◆ **What the task requires**: Below is a listing. Return the lines from the one that contains "1. กำไลข้อมือทองคำ น้ำหนัก" to the one that contains "L’innovation majeure de", both ends included, verbatim and with no pictures.

◆ **Records to process**:
==============================
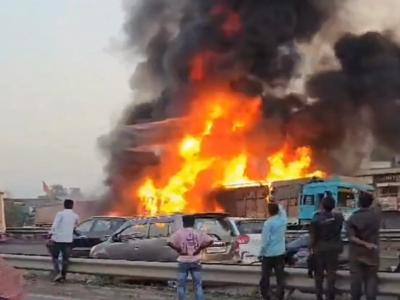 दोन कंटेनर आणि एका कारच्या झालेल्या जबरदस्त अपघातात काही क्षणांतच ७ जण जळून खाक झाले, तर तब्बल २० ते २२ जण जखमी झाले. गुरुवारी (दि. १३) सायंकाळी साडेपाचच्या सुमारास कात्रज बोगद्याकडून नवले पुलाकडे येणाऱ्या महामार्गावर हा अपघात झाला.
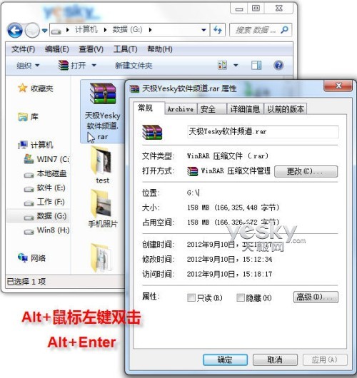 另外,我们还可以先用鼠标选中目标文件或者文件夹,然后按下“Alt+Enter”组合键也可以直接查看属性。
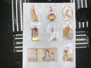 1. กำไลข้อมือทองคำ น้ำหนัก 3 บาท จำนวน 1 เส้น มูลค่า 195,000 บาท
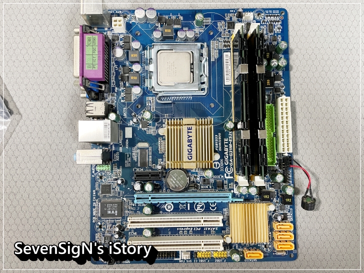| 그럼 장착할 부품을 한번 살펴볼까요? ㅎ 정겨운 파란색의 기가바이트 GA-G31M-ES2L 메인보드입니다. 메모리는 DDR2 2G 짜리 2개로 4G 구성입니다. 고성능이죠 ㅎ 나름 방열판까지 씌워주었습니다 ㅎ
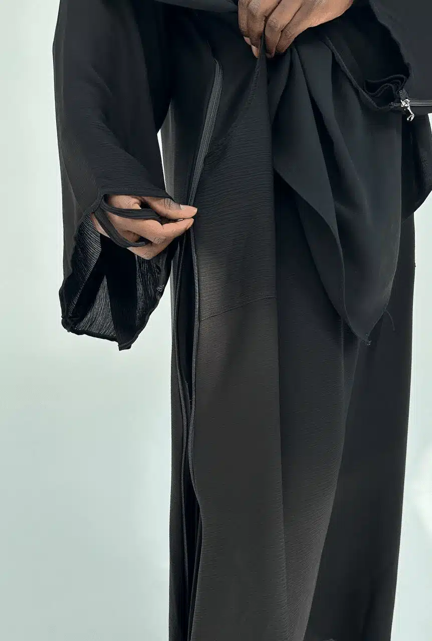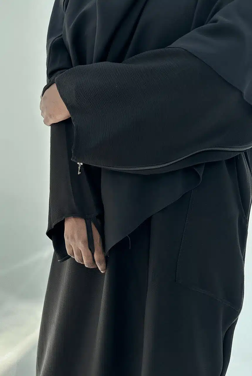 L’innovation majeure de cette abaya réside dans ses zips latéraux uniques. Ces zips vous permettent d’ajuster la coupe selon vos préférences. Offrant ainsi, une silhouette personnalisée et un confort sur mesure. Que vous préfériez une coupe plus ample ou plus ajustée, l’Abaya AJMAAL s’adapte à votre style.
==============================
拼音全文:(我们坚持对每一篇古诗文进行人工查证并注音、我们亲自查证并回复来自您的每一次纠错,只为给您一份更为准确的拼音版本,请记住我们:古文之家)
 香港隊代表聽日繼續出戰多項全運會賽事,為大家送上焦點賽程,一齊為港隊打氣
==============================
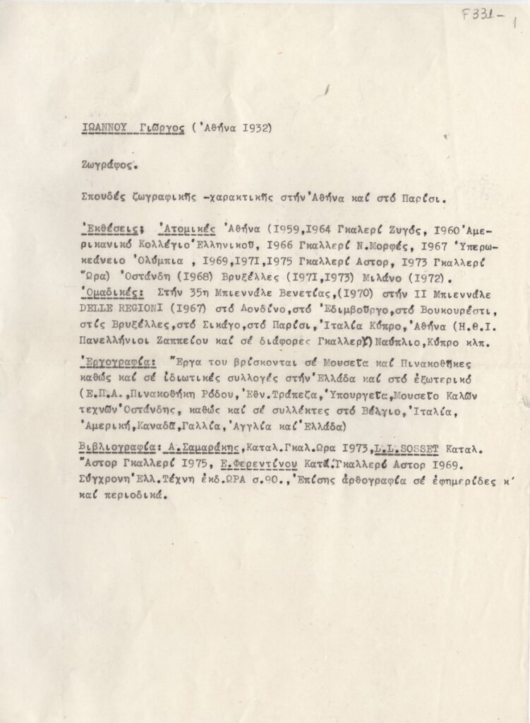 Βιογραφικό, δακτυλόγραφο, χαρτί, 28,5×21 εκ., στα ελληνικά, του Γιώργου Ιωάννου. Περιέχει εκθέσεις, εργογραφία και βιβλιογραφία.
==============================
◆ **Exercise answer**:
 1. กำไลข้อมือทองคำ น้ำหนัก 3 บาท จำนวน 1 เส้น มูลค่า 195,000 บาท
| 그럼 장착할 부품을 한번 살펴볼까요? ㅎ 정겨운 파란색의 기가바이트 GA-G31M-ES2L 메인보드입니다. 메모리는 DDR2 2G 짜리 2개로 4G 구성입니다. 고성능이죠 ㅎ 나름 방열판까지 씌워주었습니다 ㅎ
 L’innovation majeure de cette abaya réside dans ses zips latéraux uniques. Ces zips vous permettent d’ajuster la coupe selon vos préférences. Offrant ainsi, une silhouette personnalisée et un confort sur mesure. Que vous préfériez une coupe plus ample ou plus ajustée, l’Abaya AJMAAL s’adapte à votre style.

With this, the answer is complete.